Same question, but the model has no idea who we are. Call 1 never happened as far as this request is concerned.

# Call 3: Asking about conversation history — impossible without context
response3 = chat([
    {"role": "user", "content": "What was the first thing I said to you?"}
])
print("Call 3:", response3)
# → Call 3: The first thing you said to me was, "What was the first thing I said to you?"

The model can only see what's in front of it right now. It literally thinks this one message is the entire conversation.

Takeaway: Each API call is a blank slate. Call 1 worked only because the name was in that same request. Calls 2 and 3 have zero access to Call 1. The LLM API is a stateless function: response = f(messages).

The Elegant Fix — Chat History

Here's where it gets satisfying. The solution isn't complicated at all. We simply keep track of the conversation ourselves — as a plain Python list — and we pass the entire history to the model on every call. This is exactly what ChatGPT does behind the scenes.

# Turn 1: Start a conversation and keep track of the history
conversation = [
    {"role": "user", "content": "My name is Joy."}
]

response = chat(conversation)
print("Turn 1:", response)
# → Turn 1: Nice to meet you, Joy! How can I assist you today?

# Append the assistant's reply to our history
conversation.append({"role": "assistant", "content": response})

# Turn 2: Ask the same question as Call 2 — but now with history attached
conversation.append({"role": "user", "content": "What is my name?"})

response = chat(conversation)
print("Turn 2:", response)
# → Turn 2: Your name is Joy. How can I help you today, Joy?

conversation.append({"role": "assistant", "content": response})

# Turn 3: Ask the same question as Call 3 — now the model can answer correctly
conversation.append({"role": "user", "content": "What was the first thing I said to you?"})

response = chat(conversation)
print("Turn 3:", response)
# → Turn 3: The first thing you said to me was, "My name is Joy."

conversation.append({"role": "assistant", "content": response})

The exact same questions that failed in Part 1 now work perfectly. The difference? Context.

Let's look at what we're actually sending to the API — this IS the "memory":

Full conversation history sent with each request:

        USER: My name is Joy.
   ASSISTANT: Nice to meet you, Joy! How can I assist you today?
        USER: What is my name?
   ASSISTANT: Your name is Joy. How can I help you today, Joy?
        USER: What was the first thing I said to you?
   ASSISTANT: The first thing you said to me was, "My name is Joy."

The model didn't "remember" anything between calls. We achieved conversational memory by appending every message to a list and sending the entire list with each new request. Memory is just input data.

Why This Foundation Matters So Much

Understanding this clearly — really clearly, not just vaguely — opens up a set of important questions that become central the moment you start building production AI systems.

On cost: Every token in that growing history is a token you're paying for. A 40-turn conversation at roughly 500 tokens per turn means Turn 40 sends ~20,000 input tokens. Multiply that across thousands of users and the bill adds up fast.

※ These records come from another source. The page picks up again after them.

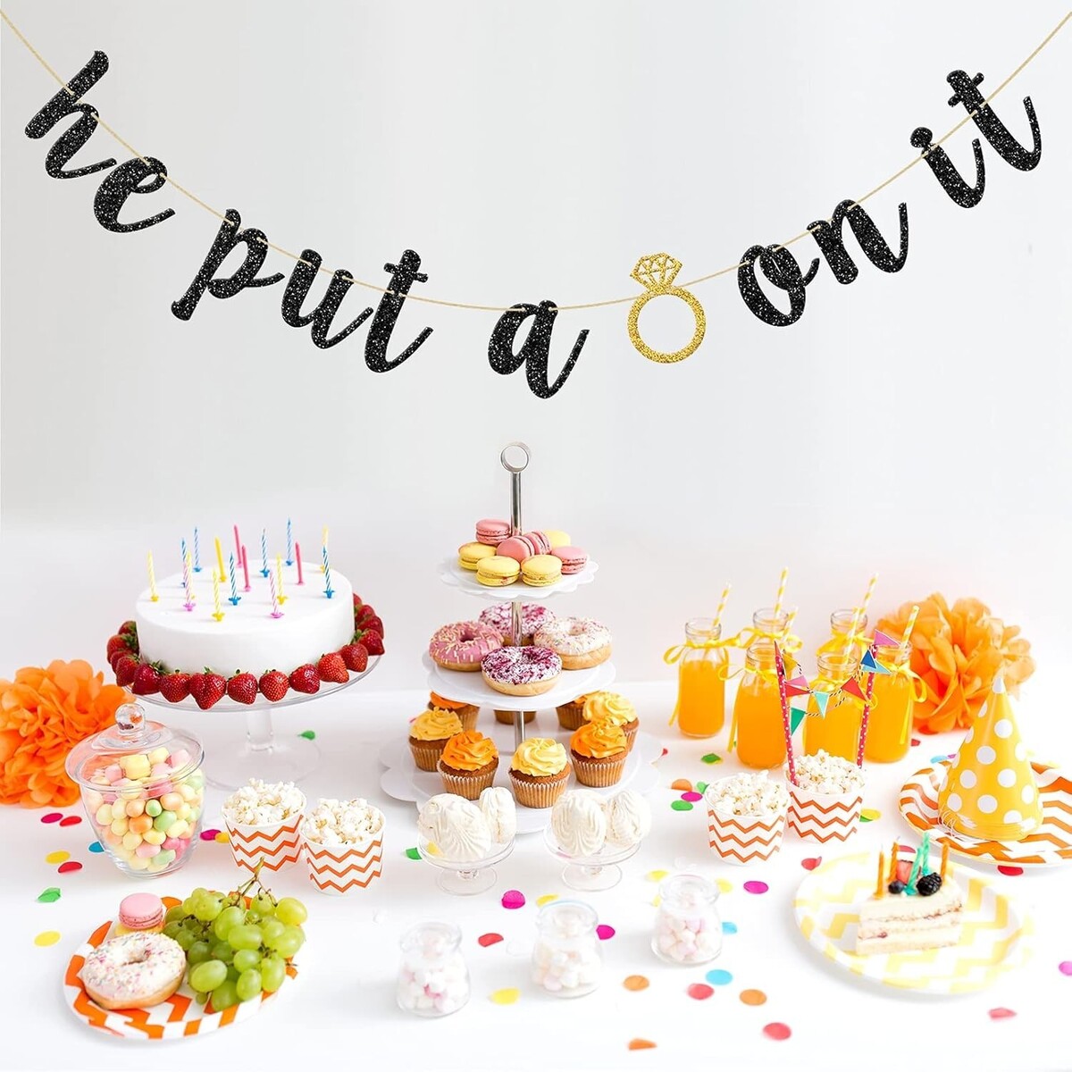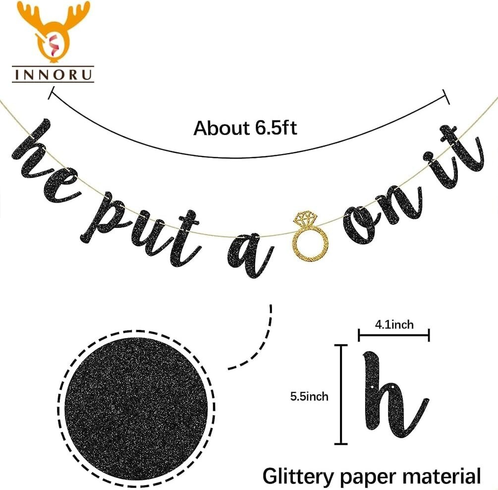 Your engagement is a precious moment, and this He Put A Ring On It Banner is the perfect way to commemorate it. The sparkling black glitter font against the shimmering gold accents makes for a breathtaking visual display that showcases your engagement joy. Easy to assemble and versatile for various settings, this banner is an essential addition to your cherished celebration.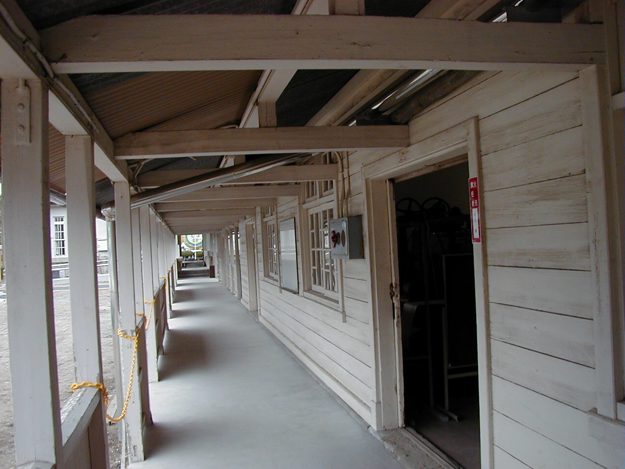 入口を入って右に事務所、左にショップがあります。その奥に長い渡り廊下が続き、かつて実験室であったと思われる作りの部屋が展示室になっています。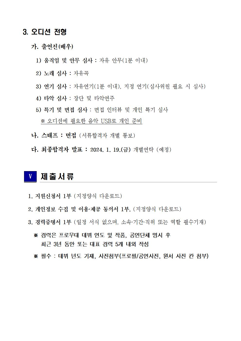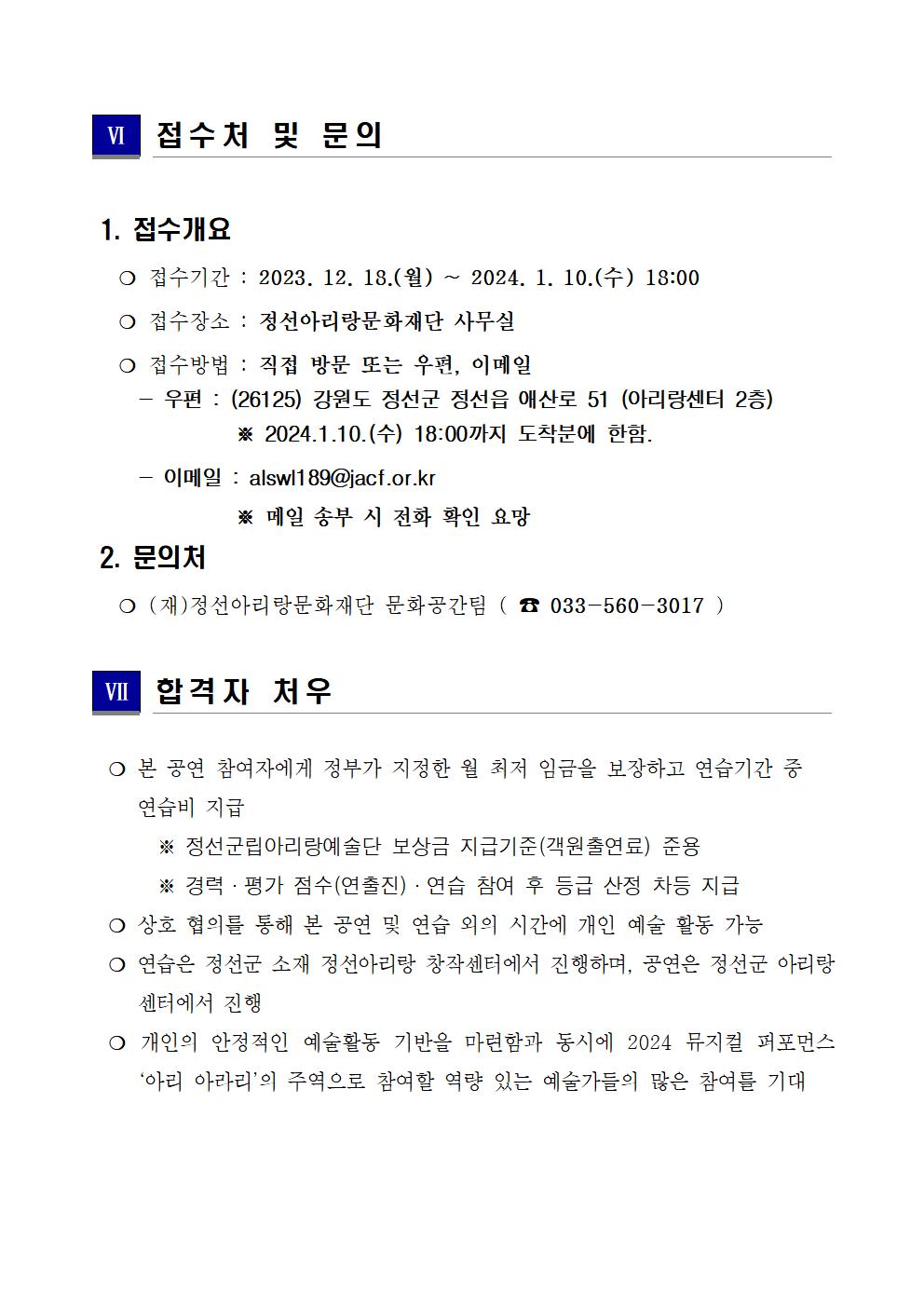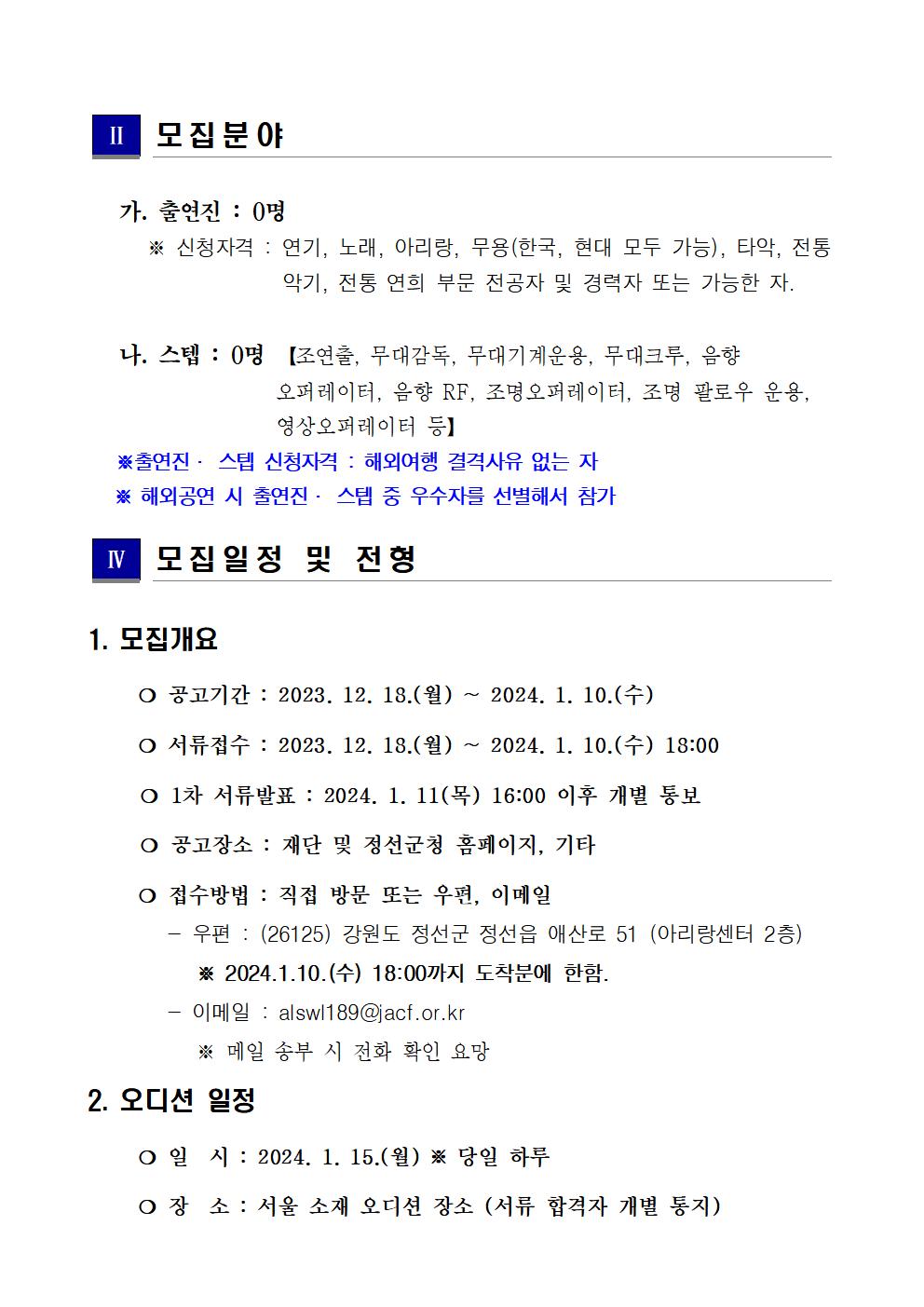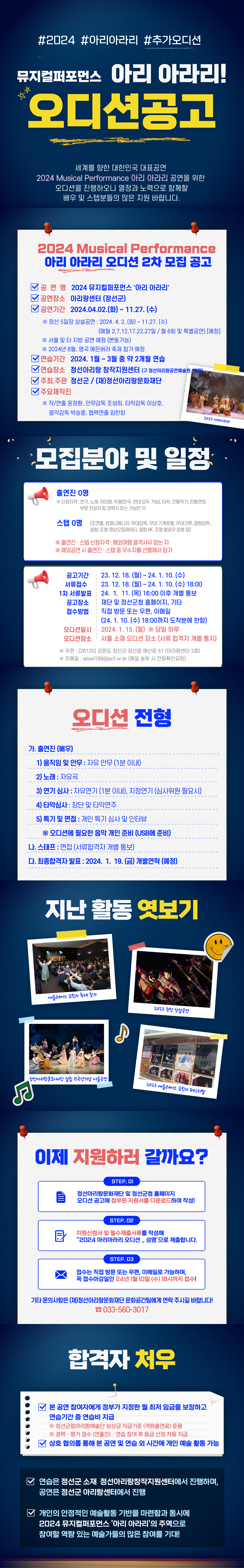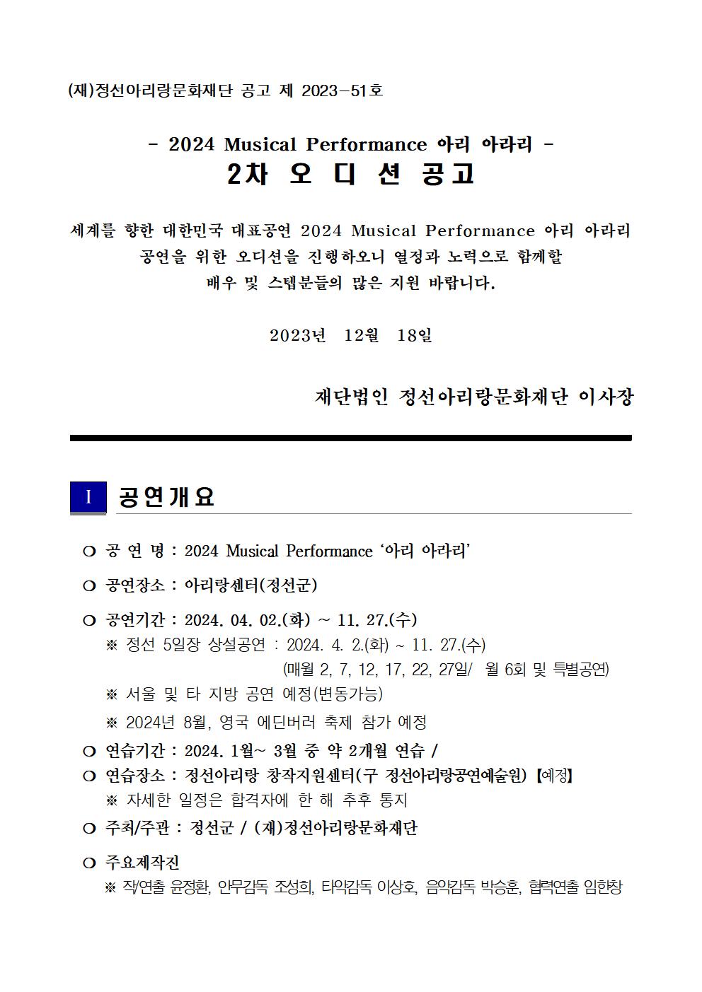 | 2024년 아리아라리 뮤지컬 퍼포먼스 2차 공개 오디션 모집 공고 | |||

On speed: More input tokens means longer response times. Long conversations become noticeably slower — not because the model is tired, but because the payload is genuinely getting larger with every turn.

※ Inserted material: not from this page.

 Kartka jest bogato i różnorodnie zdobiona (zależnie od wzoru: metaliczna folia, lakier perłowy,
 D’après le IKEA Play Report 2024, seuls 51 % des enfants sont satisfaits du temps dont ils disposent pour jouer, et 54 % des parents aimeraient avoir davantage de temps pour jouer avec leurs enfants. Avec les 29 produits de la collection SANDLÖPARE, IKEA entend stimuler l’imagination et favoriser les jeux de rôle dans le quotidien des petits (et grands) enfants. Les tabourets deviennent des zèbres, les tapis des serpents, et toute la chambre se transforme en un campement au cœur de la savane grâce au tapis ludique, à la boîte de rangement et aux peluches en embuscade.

On limits: Every LLM has a context window — a ceiling on how many tokens it can process in a single call. When the history exceeds the window, you have to make choices about what to keep and what to drop. Those choices matter enormously.

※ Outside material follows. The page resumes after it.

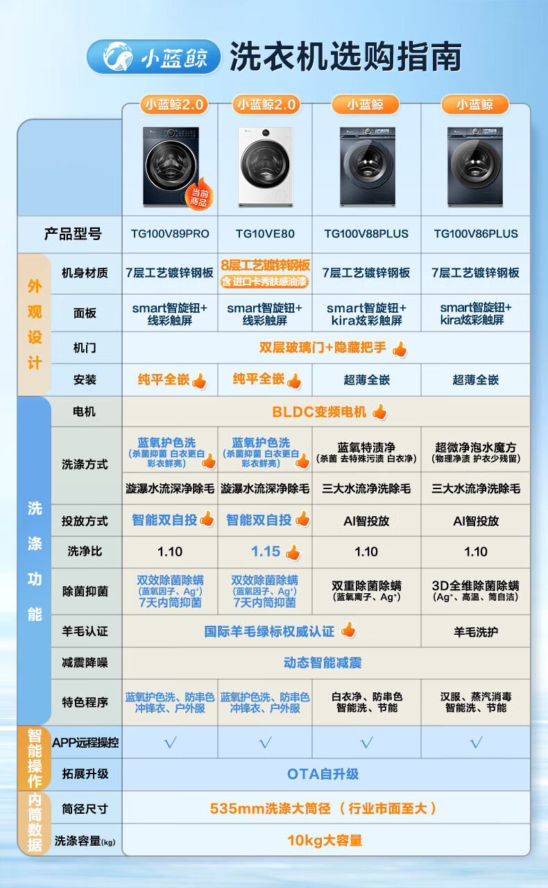 TG100V89PRO 单洗 10kg 小蓝鲸2.0

These aren't theoretical concerns. They are the exact problems that motivated frameworks like LangChain to exist.

What Comes Next

This manual approach works, but it has limitations. In Part 2, we'll explore how frameworks like LangChain manage conversational memory automatically using strategies like:

Full buffer — store the entire conversation history (what we did here, but framework-managed)
Sliding window — keep only the last K messages, dropping older ones
Summary memory — condense older messages into a compact summary using an LLM

These strategies let us maintain useful context without sending the entire conversation history every time.